И, не оборачиваясь, брат и сестра вышли за порог старого жилища, где протекало их детство. Они молча спустились вниз по каменной лестнице. А когда они снова очутились на улице Великих августинцев среди фиакров, повозок, хозяек и ремесленников, их так оглушили шум и суета жизни, словно они перед тем долго прожили в уединении.
V
Глаза у г-на Панетона де ла Барж выпирали наружу, душа тоже. А так как кожа у него лоснилась, то и душа его, вероятно, тоже оплыла жиром. Он был беззастенчив, спесив и, казалось, не боялся наскучить своим чванством. Г-н Бержере догадался, что этот человек пришел к нему просить о каком-нибудь одолжении.
Они познакомились еще в провинции. Профессор часто видел во время прогулок на зеленом откосе у берега ленивой реки черепичную крышу замка, в котором жил г-н де ла Барж со своей семьей. Значительно реже виделся он с самим г-ном де ла Барж, который вращался среди местной знати, но сам был недостаточно знатен, чтобы принимать незнатных людей. В провинции он входил в общение с г-ном Бержере только в критические дни, когда один из его сыновей должен был держать экзамен. На этот раз, в Париже, он хотел быть учтивым и прилагал к тому все усилия.
— Дорогой господин Бержере, считаю прежде всего непременным долгом поздравить…
— Ах, что вы, прошу вас… — отвечал г-н Бержере с уклончивым жестом, который г-н де ла Барж напрасно приписал его скромности.
— Позвольте, господин Бержере, но кафедра в Сорбонне — это очень завидное положение… и вполне заслуженное вами.
— Как поживает ваш сын Адемар? — спросил г-н Бержере, вспомнив это имя, носитель которого, кандидат в бакалавры, вынужден был, за весьма слабыми успехами в науках, искать высокого покровительства всех властей — гражданских, духовных и военных.
— Адемар? Хорошо, очень хорошо. Немножко покучивает. Что вы хотите? Ему нечего делать. В некоторых отношениях было бы предпочтительнее, чтоб он чем-нибудь занялся. Но он еще очень молод. Время терпит. Он пошел в меня: остепенится, когда найдет свое призвание.
— Он, кажется, принимал некоторое участие в манифестации в Отейле? — сказал добродушно г-н Бержере.
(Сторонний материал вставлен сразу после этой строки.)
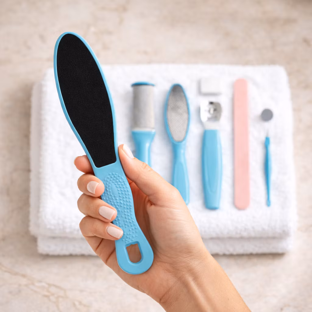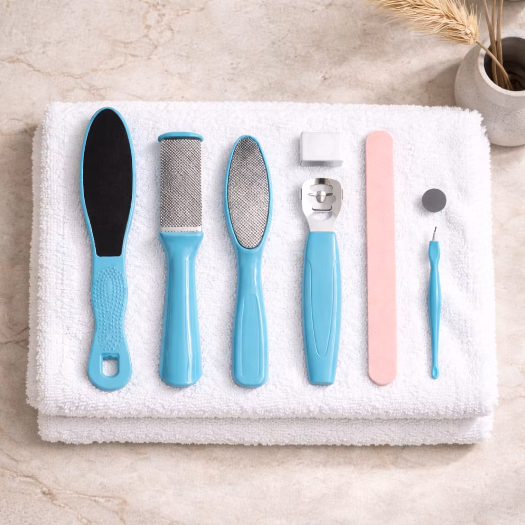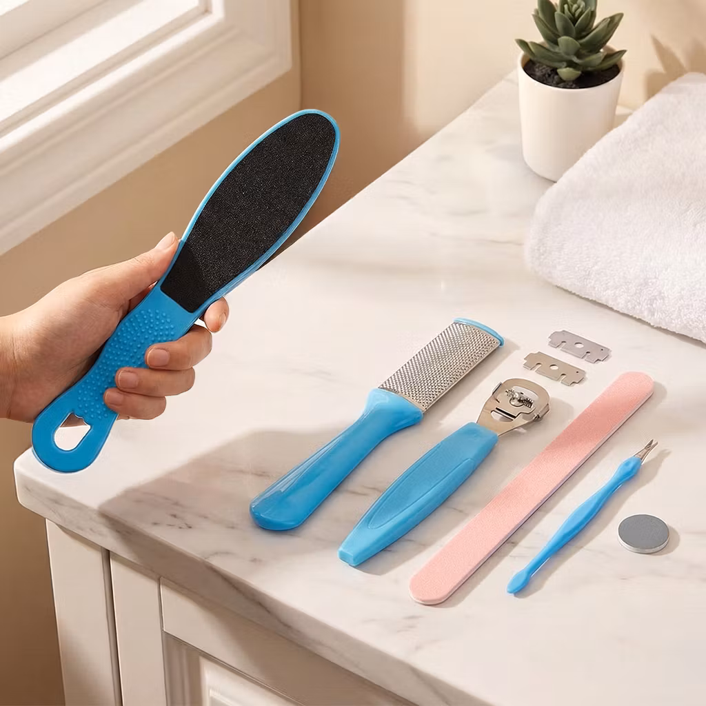 Ett fullspäckat set med sex olika verktyg och fotfilar som gör det enkelt och bekvämt för dig att fixa dina fötter. Ta bort hård och död hud, mjuka upp hårda hälar och ta bort fotförhårdnader enkelt. Fotfil, fotrasp, fothyvel, nagelbandskniv med mera.

— В честь армии, в честь армии, — ответил г-н Панетон де ла Барж. — И признаюсь вам, у меня не хватило духа пожурить его за это. Что поделаешь? Я связан с армией через своего тестя, через свояков, через двоюродного брата, майора…
Он скромно умолчал о своем отце, старшем из четырех братьев Панетонов, который тоже был связан с армией, по интендантским делам. За поставку сапог с картонными подошвами подвижным частям восточной армии, маршировавшим по снегу, он был приговорен в 1872 году судом исправительной полиции к легкому наказанию с порочащей мотивировкой. Он умер десять лет спустя среди богатства и почета в своем замке де ла Барж.
— Мне с детства прививали культ армии, — продолжал г-н Панетон де ла Барж. — Еще в младенчестве я почитал мундир. Такова была семейная традиция. Не скрываю, я человек старого режима. Это сильнее меня, это у меня в крови. Я прирожденный монархист, сторонник единовластия. Я роялист. Армия — это все, что осталось нам от монархии. Это единственное, что уцелело от славного прошлого. Она утешает нас в отношении настоящего и подает надежду на будущее.